Sleep tight Grandad.
- Louise
- Feb 24, 2019
- 3 min read
This week has to be one of the hardest weeks of my life. Sadly, on Wednesday 20th February, my Grandad was cruelly taken from us. The one person I had always thought of as immortal.
I guess we probably all think that way of our grandparents, of our parents and of those that we hold in our hearts. But I really did think he was immortal. He was my hero, the first man I ever loved. And now, he's gone.

My Grandad had not been a well man for a number of years. In fact, for almost 13 years. He developed Sepsis following an infection in his foot. After spending a month in bed, before being admitted to hospital for 8 weeks, he signed himself out. His GP did not expect him to actually make it out of hospital. But he did. However, this was the start of a long journey of ill health and multitudes of medication, which ultimately led to his passing.
The late Allan Stubbs, was an electrician by trade. A man who loved motorbikes, cricket, football and to sing. He loved his family. He had to retire early in 1988 due to an accident where he fell off a ladder and crushed his foot. However, he never gave up his love of being a sparky. We all used to laugh when he got his tools out, even later on his life, he always wanted to have a go at a plug or a light switch (we still don't know which ones are safe!)
He was always off on his adventures. Out of the house at the crack of dawn, with his backpack in tow and he would return at some point later that day. He was always on the go, even after his mobility was restricted following the sepsis. He mobilised with two sticks but eventually became pretty much bed bound, having to rely on a wheelchair to get about.
He loved his National Express holidays, exploring the country with my Nana, his brother-in-law and late sister-in-law. He loved going places.
Grandad was a man who doted on family. We all have so many memories with him. Mine in particular, are of Saturday night sleepovers, watching bad TV and eating egg and chips with him, his big pans of broth (you've tasted nothing like it), trips to the local cricket club where he bought me sweets, trips to Blackpool, Christmas Eve carol singing with the local chapel. There are so many. I have these memories to hold on to.
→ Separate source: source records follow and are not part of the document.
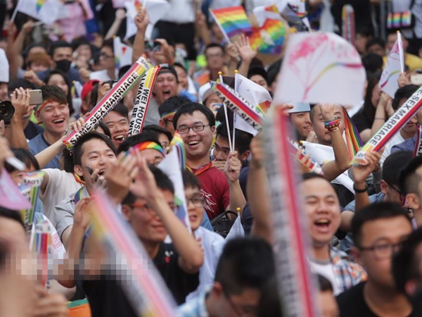 臺灣“中央社”5月24日報道,臺灣地區同婚“釋憲案”,“大法官”今天做出釋字第748號解釋。“司法院”秘書長呂太郎說,“大法官”認為現行法令未保障同性婚姻、“違憲”,要求主管機關在公告后2年內,修改相關法律。
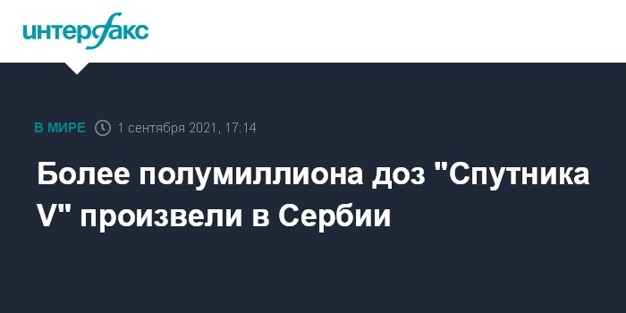 "Министр без портфеля Ненад Попович, ответственный за инновации и технологическое развитие, сообщил, что российский Институт им. Гамалеи одобрил использование 550 тыс. доз вакцины "Спутник V", произведенных в Торлаке до 13 августа", - говорится в сообщении на сайте правительства Сербии.
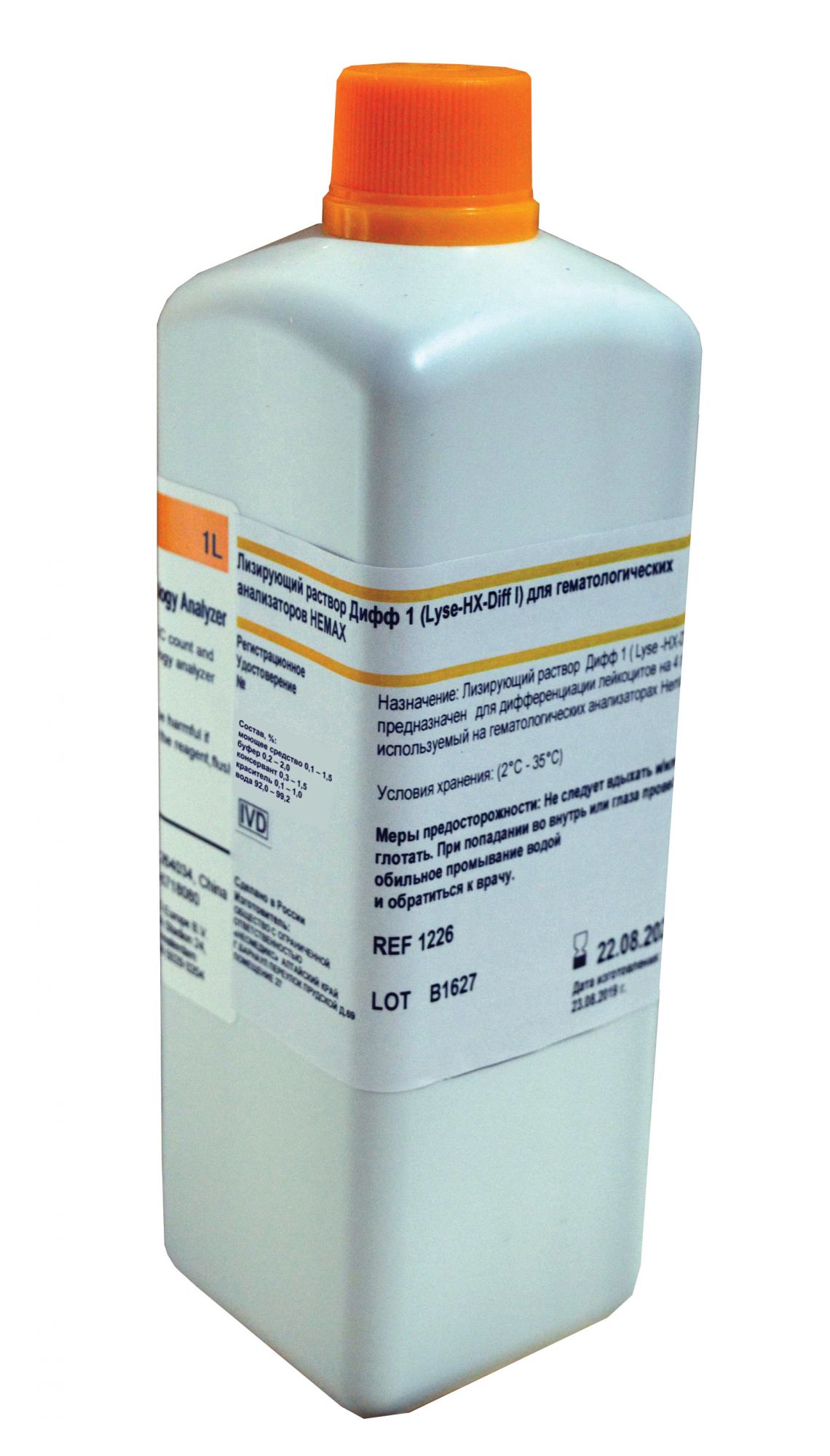 Лизирующий раствор Дифф 1 (Lyse HX-Diff I) расфасован во флаконы объемом 1,0 л.
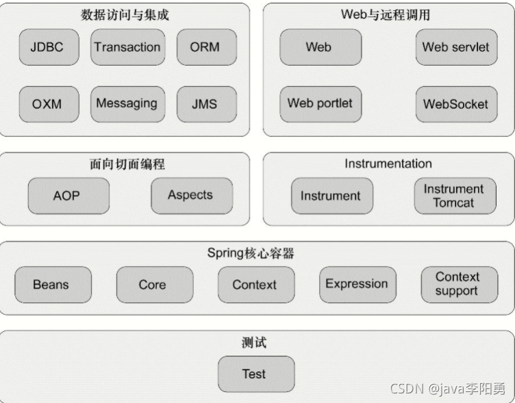 Spring为简化我们的开发工作,封装了一系列的开箱即用的组件功能模块,包括:Spring JDBC 、Spring MVC 、Spring Security、 Spring AOP 、Spring ORM 、Spring Test等。如下图:
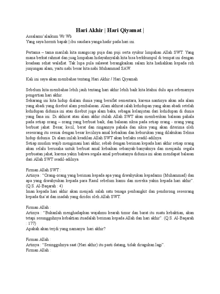 Contoh Teks Pidato tentang hari kiamat Hari Kiamat السلام عليكم ورحمة الله وبركاته بسم الله الرحمن الرحيم الحمد لله رب العالمي. Persiapan Menuju Hari Akhir. Rukun Iman itu ada 6 yaitu 1.
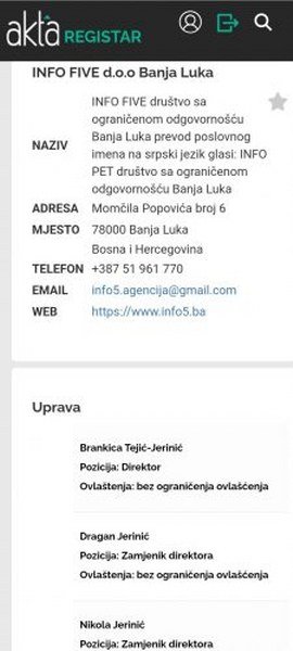 Vlasnik kompanije „Info five D.O.O“ je Dragan Džeri Jerinić i članovi njegove proodice, a njegova supruga je glavna urednica portala koji je objavio intervju sa Majklom Marfijem. Poznato je da američki ambasador neće baš svakom da daje intervju, a izgleda da tajne veze još od pokojnog Kopanje i Nezavisnih novina, čiji je urednik ranije bio Jerinić a koji su promovisali i Dodika i Amerikance i zapad, nikada nisu prekinute.
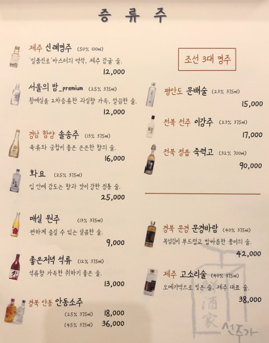선주가의 메뉴는 돔베고기, 돌문어 숙회, 한우육회, 쭈꾸미무침, 숙성 회 등 다양하게 있으며, 처음 보는 증류주도 많이 있습니다. 아무래도 선주가의 대표 메뉴는 제철 모둠회입니다. 저희는 제철메뉴를 주문했습니다.
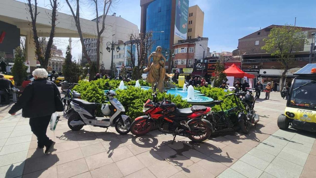 Eskişehir’in en yoğun noktalarından biri olan Taşbaşı Çarşısı önündeki süs havuzu çevresine park edilen motosikletler, görüntü kirliliğine neden oldu.
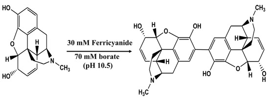Increased detection capabilities and selectivity of capillary zone electrophoresis (CZE) can be successfully acquired with the aid of chemical derivatization [19,20,21]. However, pre-capillary derivatization can be time consuming, unreliable and difficult to be implemented with small sample volumes. On the other hand, it would be advantageous to carry out derivatization in a close physical proximity to the capillary condition to minimize sample handling. A short capillary column with a very small inner diameter can combine the sample and reagent in one step and thus reduce sample and reagent solutions resulting in faster analyses and minimizing unused amounts of reagents [22]. On-line capillary derivatization is therefore easier, faster, and may be carried out without modifying the configuration of the conventional available CE devices. Because of its remarkable advantages over the conventional pre-capillary derivatization techniques, the in-capillary derivatization was conducted in the present study. In this approach, the capillary is not only used as a separation chamber, but also as a microreactor in which derivatization is achieved during electrophoresis of sample through the running electrolyte containing the derivatization reagent. Although, native fluorescence intensity of MOR and MOR-6-G can be used for their analysis, it is necessary to derivatized these compounds into highly fluorescent derivatives prior to CE analysis for sensitivity enhancement. Thus, an additional step that has the potential to significantly improve sensitivity and selectivity is the derivatization of analytes with certain reagents in conjunction with fluorescence detector. It has long been recognized that the use of ferricyanide in which MOR can be chemically transformed into highly fluorescent pseudo derivatives (Scheme 1), is an effective modification approach for a variety of separation techniques including CE and HPLC [23,24,25], and that it enhances the overall selectivity and sensitivity. Highly florescence pseudo-derivatives of MOR and MOR-6-G could be achieved by in-capillary derivatization using an oxidative-coupling reaction of the analytes with potassium ferricyanide in alkaline medium [23]. Because of the extended conjugation of the pseudo-derivatives, their fluorescence characteristics are greater than those of native molecules.
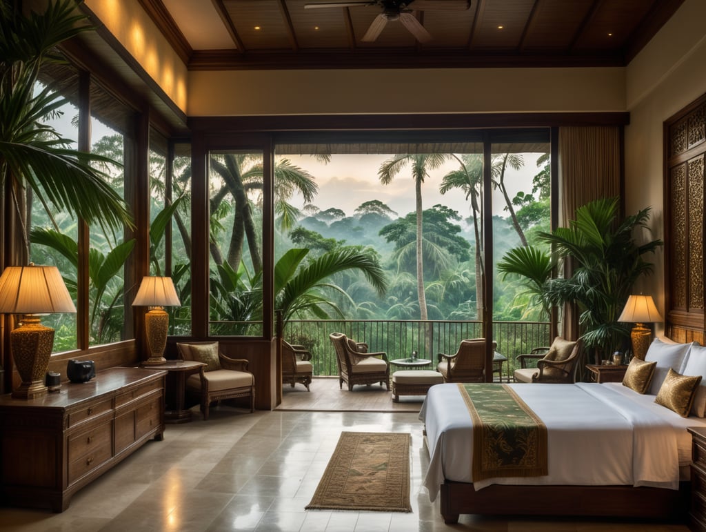 - luxury hotel tropical style jungle views tigers exotic getaway nature retreat five star experience serenity in paradise wildlife encounter escape to luxury
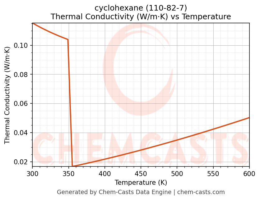 This page presents the temperature-dependent thermodynamic and transport properties of cyclohexane (CAS 110-82-7) calculated at a constant pressure of 1 atm (101325 Pa) over the temperature range 250-500 K.
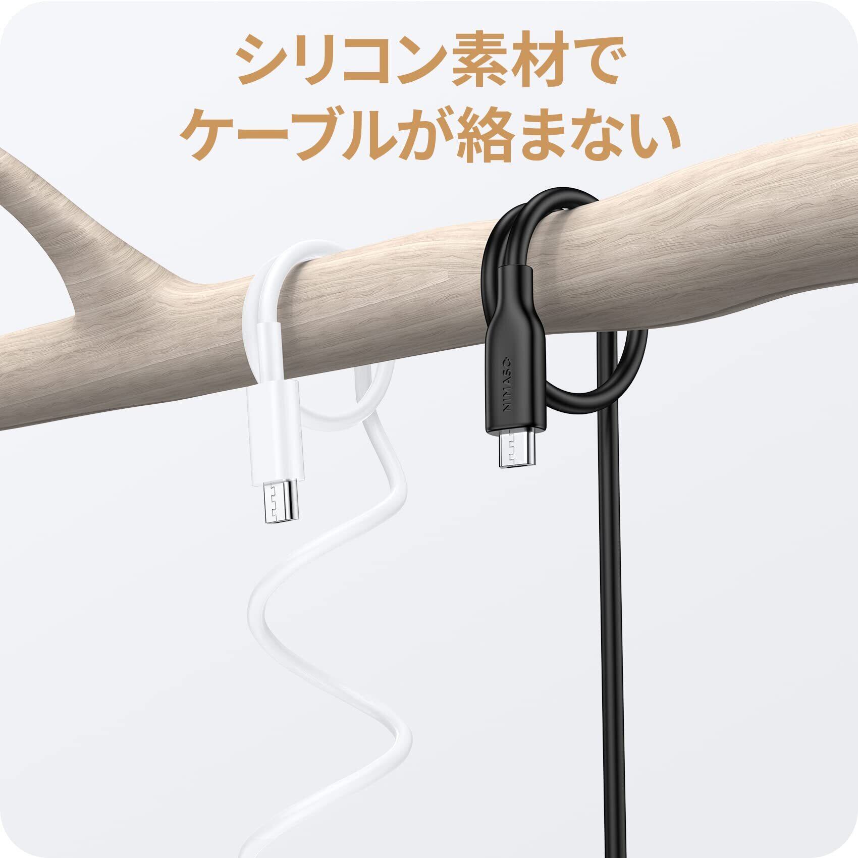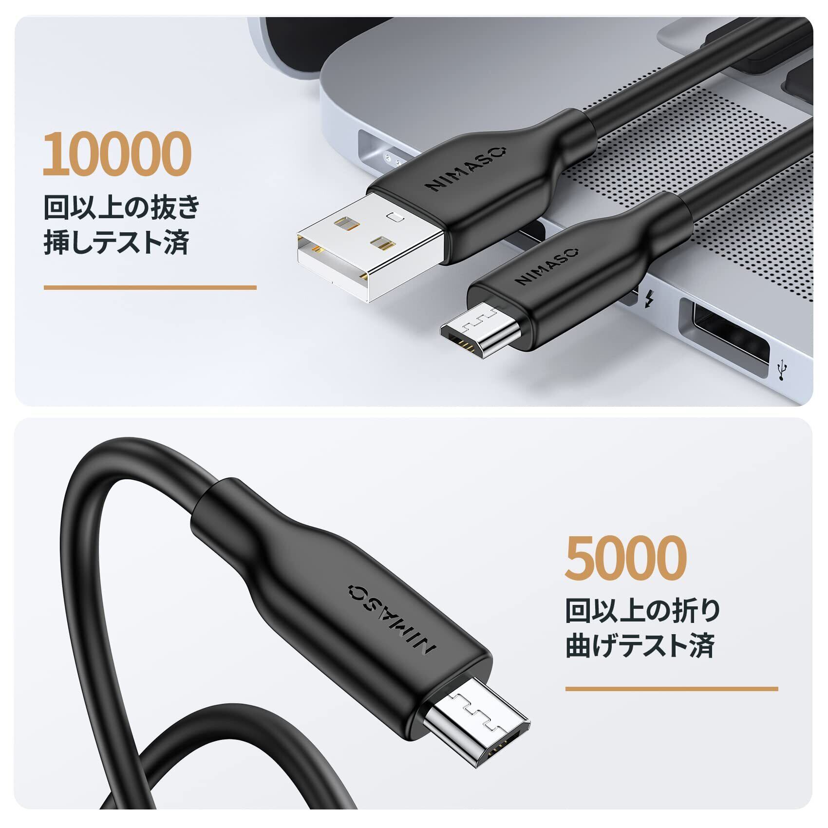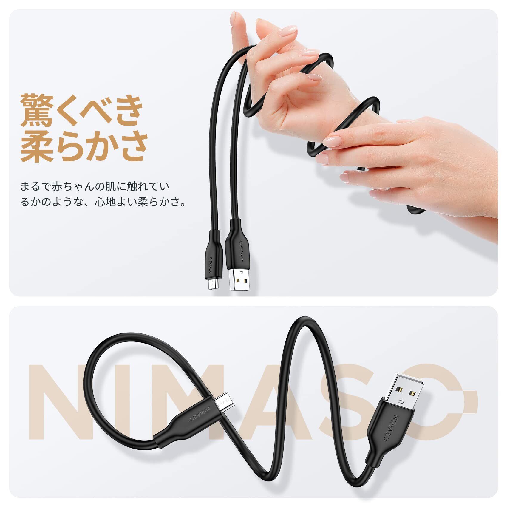 NIMASO Micro USB ケーブル (1m ブラック) マイクロ アンドロイド充電ケーブル 【シリコン素材 断線防止 USB 2.0 2.4A急速充電】 Xperia、Galaxy、Nexus、HUAWEI、Kindle 等 Micro B デバイス対応 NCA23C643
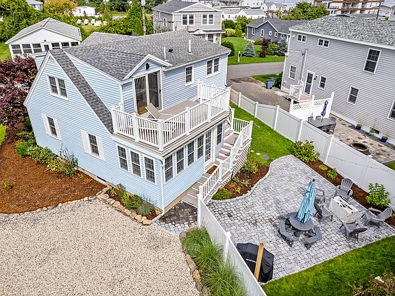 Just two blocks from the sand and surf, this charming seaside retreat offers easy access to Long Sands Beach via a private walking bridge that serves the neighborhood. This home has undergone a thoughtful transformation in every room. The well-appointed kitchen features new granite countertops, flooring and custom cabinetry, setting the stage for memorable gatherings with friends and family. The new open concept design seamlessly blends the dining area, living room, and kitchen, creating an expansive and inviting atmosphere for all. Convenient first-floor living is an option with a spacious bedroom featuring original hardwood floors with a modern full bathroom featuring a custom shower across the hall. Upstairs, two generously sized bedrooms offer both comfort and convenience, and each enjoys refreshing ocean views from their windows. The primary bedroom grants direct access to a second-story patio deck—a tranquil spot for morning coffee or evening relaxation. Additionally, the second floor includes another full bath, ensuring comfort for all. Outside, an enchanting paver patio is perfect for gatherings around a cozy fire pit. You have promised yourself for years you were going to buy your beach house in York. It's time to pull the trigger on that promise then you can start ordering surf boards and beach toys to start on the path of creating cherished memories for a lifetime.
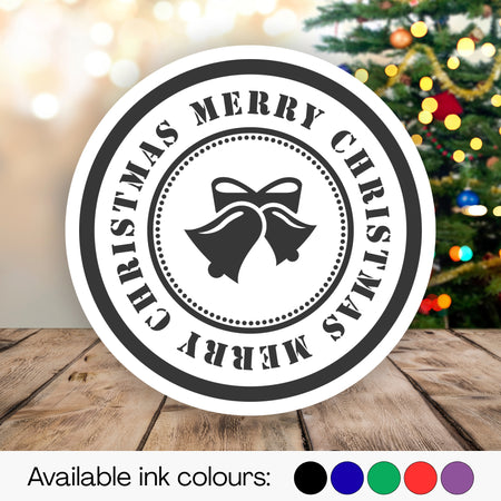 Trodat 4642 'Merry Christmas' Self-Inking Stamp – 42mm Round with Bells Design | Multiple Ink Colours Available
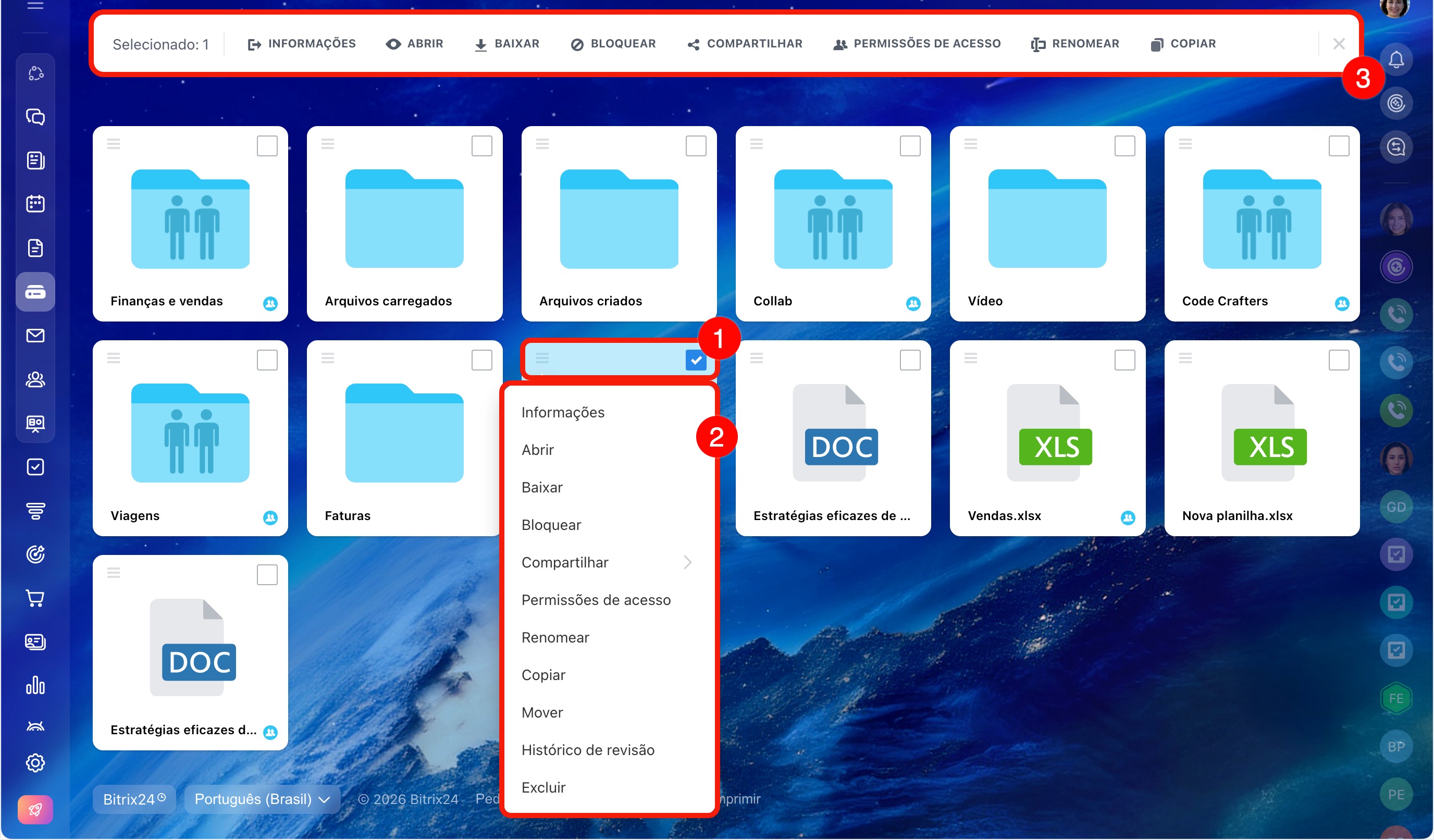 - Para gerenciar um arquivo ou pasta no Bitrix24 pelo computador, selecione-os e escolha as ações. No aplicativo móvel, toque e segure o arquivo desejado.
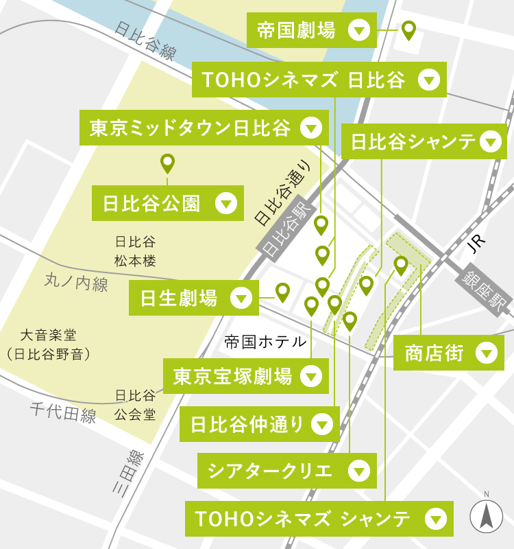 日比谷仲通り周辺・東京ミッドタウン日比谷、日比谷シャンテ 他
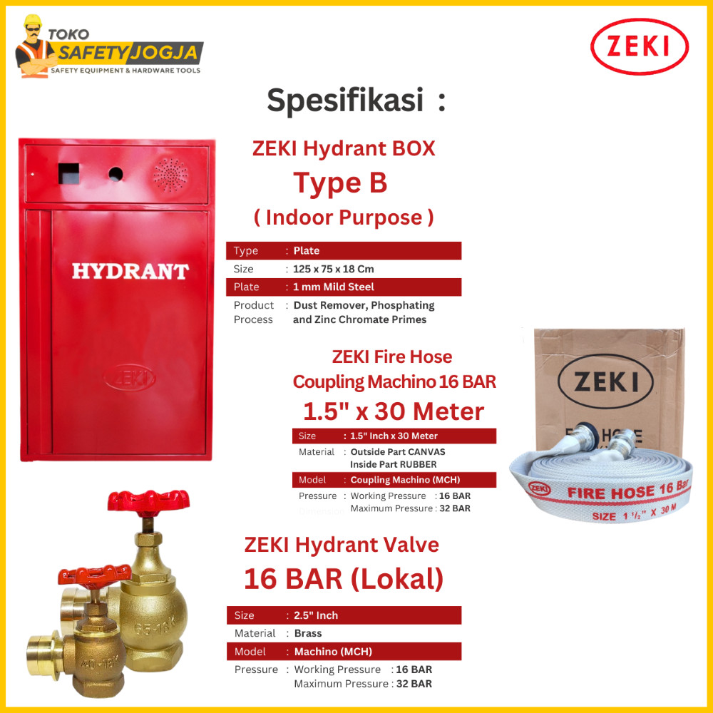 ZEKI FULLSET Fire Hydrant Box Indoor TYPE B 75x125x18cm Tekanan 16BAR Boks Penyimpatan Alat Pemadam Kebakaraan Hydrant Box Type B LENGKAP 1 SET
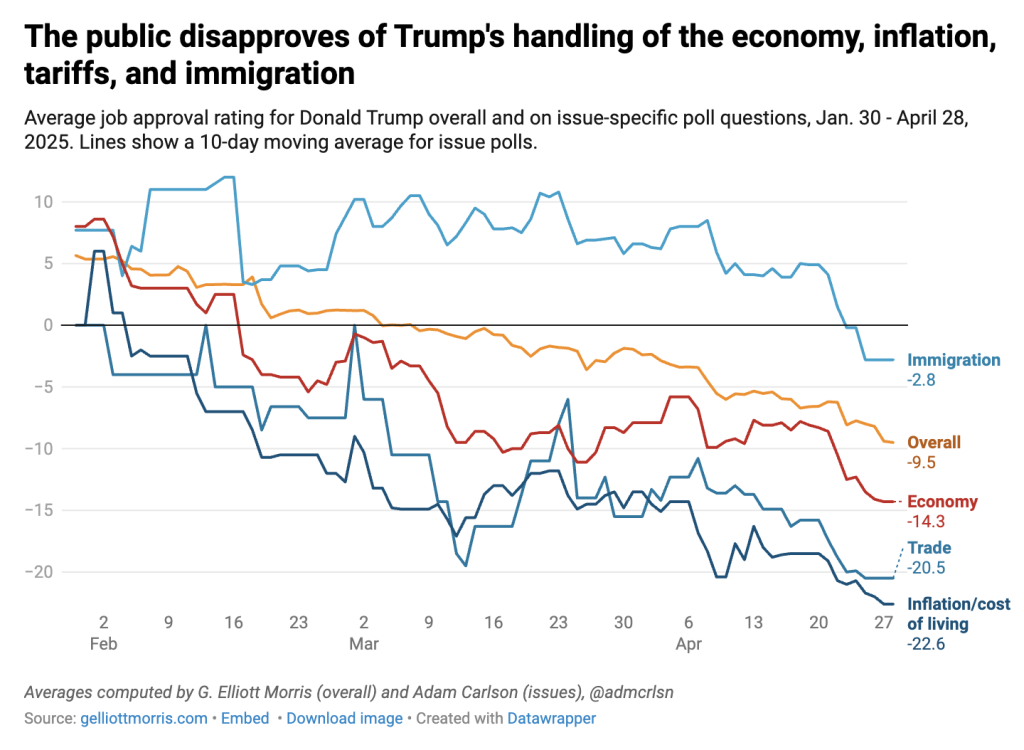 - This is from about a week ago, from G. Elliot Morris, but I never got around to sharing it. It is striking that Trump is underwater in every major category, including immigration (which suggests that pointing out the evils of sending Kilmar Abrego Garcia to CECOT wasn’t a waste of time). The economy, trade, and cost of living numbers are pretty devastating, given that his whole shtick was that he was the economy president.

Selina, however, does not have these memories. And this, this just kills me. I have to hold on to the fact, that he got to meet his youngest Great-Granddaughter. He got a Christmas with her and he got to see her smile. I will never forget her first Christmas and his last Christmas. While we were all sat at the table eating dinner, all he wanted to do was sit alone with her, cuddling her. It's as if he knew he didn't have much time left with her. I have to cherish that and I have to ensure that Selina knows all about her Great Grandad Allan.

The past few days have been horrendous. Seeing my Mum and Nana hurting so much. My Uncle, my dad, my sister, my nephew & neice. And Ryan. All broken from this loss. We all are. A massive piece of our hearts, was taken suddenly and we are all at a loss as to how to move forward. My eyes have cried enough tears to fill an ocean, even when I think they can't come any more - they do. But then I realise that, I need to be strong for everyone else. To hold their hands, to comfort them, to be the grocery bringer, a phone call maker, a shoulder. I need to be strong for Selina. She has helped me so much over the last few days and she doesn't even realise it.
Grandad was a larger than life character who everyone knew and loved. The kids in his street, his neighbours, old family and friends, all, can't fathom him being taken from us.

How do we move on from this? How do you grieve when you have a little person relying on you? How can I continue to find the strength to hold up my loved ones? How do you do it? I don't have any answers to these questions but I do know that I WILL do it. I'll do it for him.
Sleep tight Grandad Allan. You will never be forgotten.